═══ Exercise data
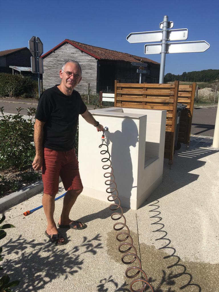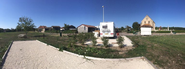 Our first stop was at a brand new tiny village aire, and had it been the right time of day we’d have stopped, given the lovely views and peaceful location. All the services were free and modern and so we took advantage of those and left.
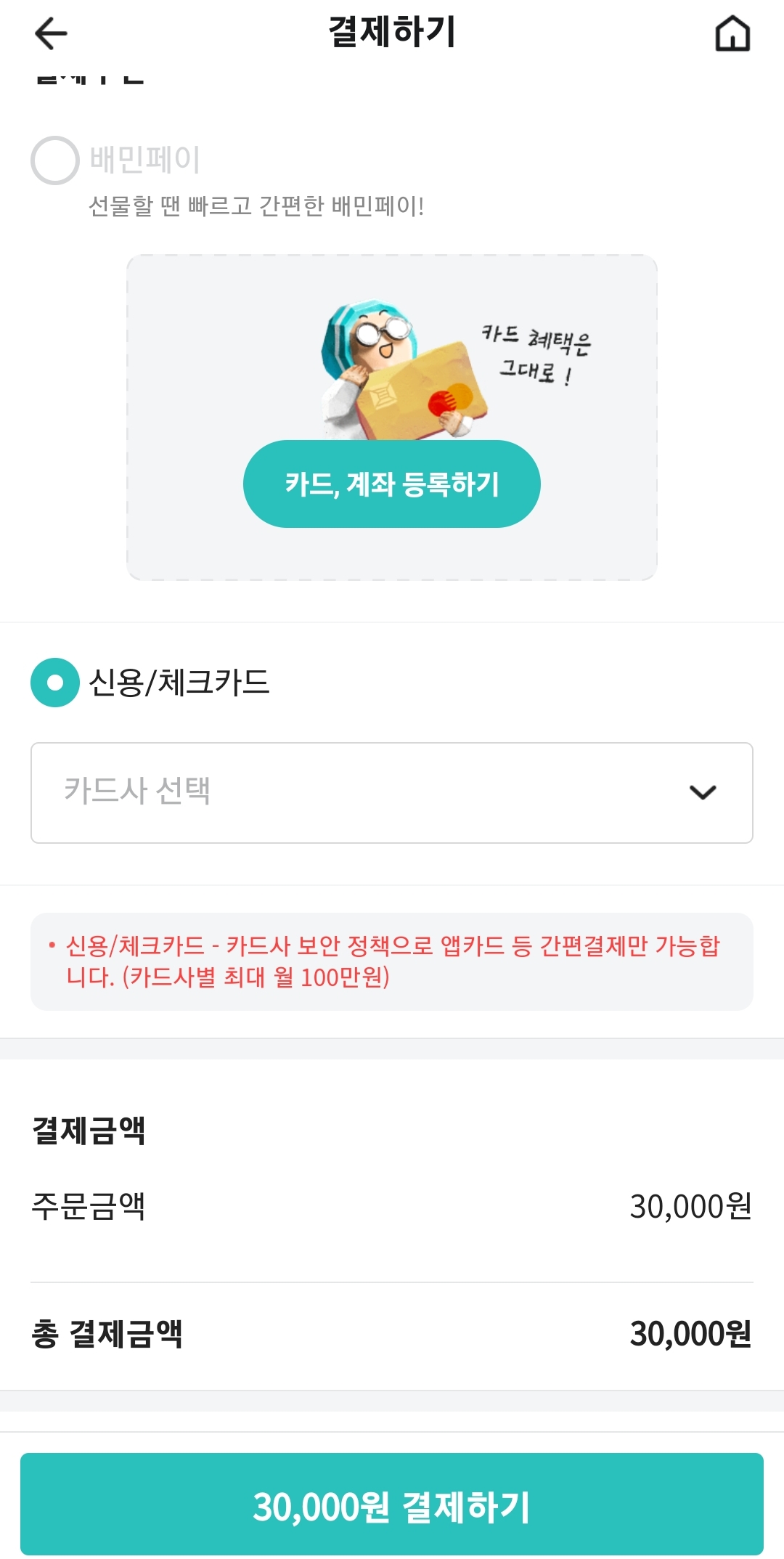 6. 마지막으로 결제를 해주시면 배달의민족 상품권 결제가 완료되고, 상대방에게 전달할 수 있습니다. 결제는 배민페이, 신용/체크카드 모두 가능합니다.
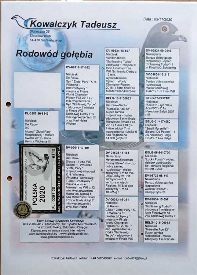 Oryginalny gołąb z hodowli Tadeusza Kowalczyka. Szczegóły pochodzenia w rodowodzie. Więcej informacji pod nr tel.: 880 108 765 **Transport kurierem koszt około 160zl po wylicytowaniu gołebia wplata na konto. Licytowane gołębie zlokalizowane na południu POLSKI
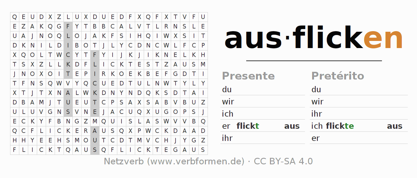 Com o caça-palavras aprende-se de uma forma desafiadora a conjugação do verbo ausflicken.
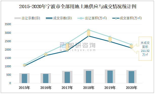 2015-2020年寧波市全部用地土地供應(yīng)與成交情況統(tǒng)計(jì)圖
══════
> Task statement: Without the pictures, restate all the entries above exactly.

> Exercise output:
 Our first stop was at a brand new tiny village aire, and had it been the right time of day we’d have stopped, given the lovely views and peaceful location. All the services were free and modern and so we took advantage of those and left.
 6. 마지막으로 결제를 해주시면 배달의민족 상품권 결제가 완료되고, 상대방에게 전달할 수 있습니다. 결제는 배민페이, 신용/체크카드 모두 가능합니다.
 Oryginalny gołąb z hodowli Tadeusza Kowalczyka. Szczegóły pochodzenia w rodowodzie. Więcej informacji pod nr tel.: 880 108 765 **Transport kurierem koszt około 160zl po wylicytowaniu gołebia wplata na konto. Licytowane gołębie zlokalizowane na południu POLSKI
 Com o caça-palavras aprende-se de uma forma desafiadora a conjugação do verbo ausflicken.
 2015-2020年寧波市全部用地土地供應(yīng)與成交情況統(tǒng)計(jì)圖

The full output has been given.